Behind them, strolling to the exits, Gene and Dolores Crawford agreed that the
summer blockbuster about a boy who "sees dead people" was scary indeed.
But on the ultimate question posed by the world's great religions and the
summer's hottest movies -- is there life after death? -- the Crawfords disagree.
"I'd like to believe there's something after this, but I really don't think so," said
Crawford, 53, a crew-cut CPA. Yet a "very strange experience 20 years ago"

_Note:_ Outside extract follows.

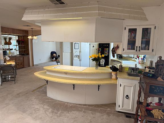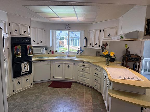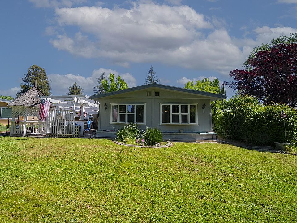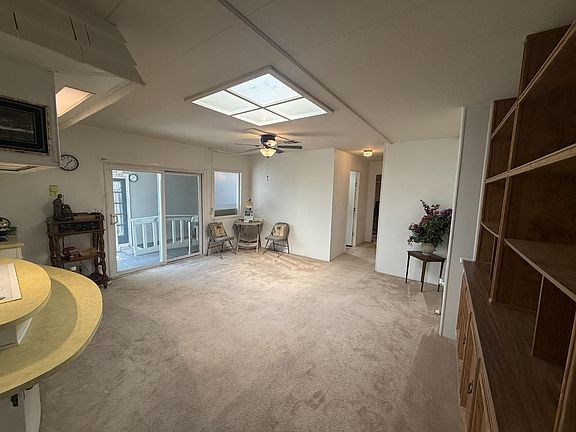 This home has a perfect layout with the kitchen centered between the living, dining and family rooms. The unique curved kitchen counter is inviting and welcoming to guests. Both bathrooms have been updated and the primary bath has a gorgeous soaking tub and a separate stand up shower. A nice view of the green space from the large living room windows lets you enjoy the scenery from your comfy chair. The large patio is also a place to enjoy the green space maintained by the park. A lovely setting to sit and enjoy the outdoors with friends and neighbors. And, the clubhouse is just up at the end of the street, convenient for attending community events. Lakeview Village has many activities and amenities that include a swimming pool, hot tub, horseshoes, a community garden a clubhouse with two pool tables, a workout room, a library, and a full kitchen. Many events take place in the clubhouse such as dances, entertainment shows, craft fairs, pot lucks, happy hours, bingo, and others. RV parking may be available. Welcome home to Lakeview Village!
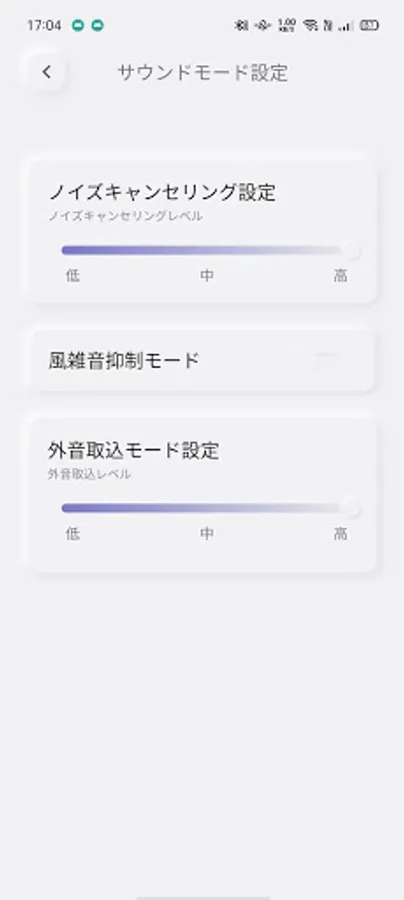 ON/OFF and level adjustment of noise canceling and external sound intake mode, gaming mode that reduces audio delay,

steered Dolores Crawford to a very different belief.
Do we endure?
In the face of saber-toothed tigers, marauding armies, plague, famine and
doctors proffering leeches, humans have long comforted themselves with the
hope that something better follows.
But with earthly existence so much fun nowadays in rich, sex-saturated, air-
conditioned America, it stands to reason that most Americans would scoff at talk
of the hereafter, right?
Hardly.
More Americans probably believe in an afterlife than ever before in this century,
according to a new study by the Survey Research Center at the University of
California at Berkeley.
Among the surprises:
Jewish belief in life after death has tripled in this century, from 19 percent
among those born in the first decade to 74 percent among those born in the
1960s.
There is little difference in belief between liberal and conservative Protestants;
about 86 percent in every age group believe in an afterlife, and have done so for
decades.
Belief among those calling themselves Roman Catholic, now at 83 percent,
has caught up with Protestants only in the most recent years.
Even among adults who claim no religious affiliation, belief has increased from
44 percent to 58 percent since the mid-1970s.
Call it Heaven, the Pure Land, Firdaws, the Other Side, or olam-haba, 82
percent of adult Americans today believe some aspect of them will endure beyond
their own big chill; that's 5 percentage points higher than the 77 percent reported
in every previous decade since pollster George Gallup began asking in the 1930s.